EAS can be a flat rate, message or measured and also it can be zoned as well. It can be optional or be mandated by government regulations.

In Canada, EAS is still regulated by the CRTC, even though local service is subject to competition.  In Canada, EAS is usually reflected as the appropriate monthly rate group for the number of lines that can be dialed toll-free - a small community gaining EAS with a large city usually means the large city's monthly rate applies to the small community.  The rate alternately may be represented by a visible and separate charge, but is often much higher for the small community.

EAS in Canada is often instigated by customers who request toll-free calling to a frequently-called nearby exchange. The carrier will provide a ballot to customers in the two exchanges to determine whether the service is supported at the proposed increase in monthly rates.
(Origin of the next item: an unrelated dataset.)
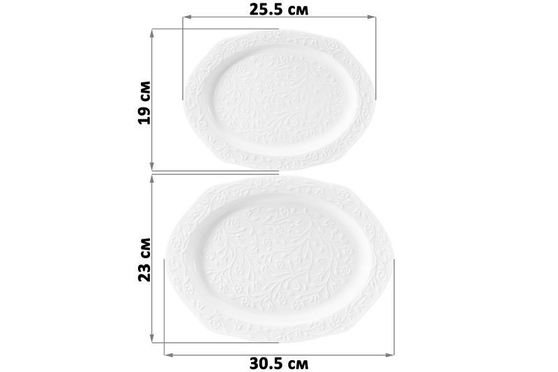 Набор 2 фигурных блюд из серии «Веточки-цветочки» от Elan Gallery предназначен для эстетичной сервировки вашего стола. Включает блюда разных размеров: 30,5х23х2 см и 25,5х19х2 см. Выполнены из высококачественного белого фарфора. Он легко отмывается и не впитывает цвет продуктов, благодаря чему надолго сохранит свою белизну. Поверхность изделий украшают рельефные узоры в виде лиственных веточек с аккуратными цветочными бутончиками. Сервировочный набор отлично подойдёт для подачи самых разнообразных угощений. Разложите на большой тарелке салат, нарезку из свежих овощей и фруктов, сыры или колбасы. Меньшая тарелка подойдёт для пасты, деликатесов из рыбы, а также для суши и роллов. Она не только идеально послужит для подачи вторых блюд, но и поможет вам изящно преподнести закуски – орешки, сухофрукты, ягоды и фруктовые дольки. Заполните блюда разнообразными сладостями – от кусочков торта и пирогов до булочек и конфет – чтобы провести незабываемое чаепитие в приятной компании. Лаконичные изделия впишутся в интерьер любой кухни, гостиной или столовой. Не рекомендуется применять абразивные моющие средства. Подходят для использования в посудомоечной машине и микроволновой печи. Поставляются в дизайнерской картонной коробке – благодаря ей вам не потребуется дополнительная подарочная упаковка. Фарфоровая сервировочная посуда будет оригинальным подарком для хозяйки, ценящей не только практичность, но и привлекательность. Серия «Веточки-цветочки» от бренда Элан Галерея станет украшением любого кухонного инвентаря и позволит собрать красивый сервиз в едином стиле!

Any exchanges located between the two are included in the upgrade and reflected in the rate increase.

EAS is more common in areas with contiguous rural occupancy, and is rare for communities separated by undeveloped wilderness.  It is usually driven by a common market or community interest, or the dependency of a small community on the larger one.  Just as telephone company exchange areas do not correspond with municipal boundaries, not all areas of a large municipality may enjoy the same EAS area (the Lambeth exchange serving part of London, Ontario, does not have as many exchanges in its EAS area as the London exchange area).

EAS across an international border is rare, and is usually a relic of former common-ownership or a single exchange serving both communities.  Surviving examples include Sweet Grass, MT - Coutts, AB (separate exchanges on the border); Stewart, BC - Hyder, AK (Hyder served by Stewart exchange); Estcourt Station, QC - Estcourt, ME (served by Estcourt Station exchange).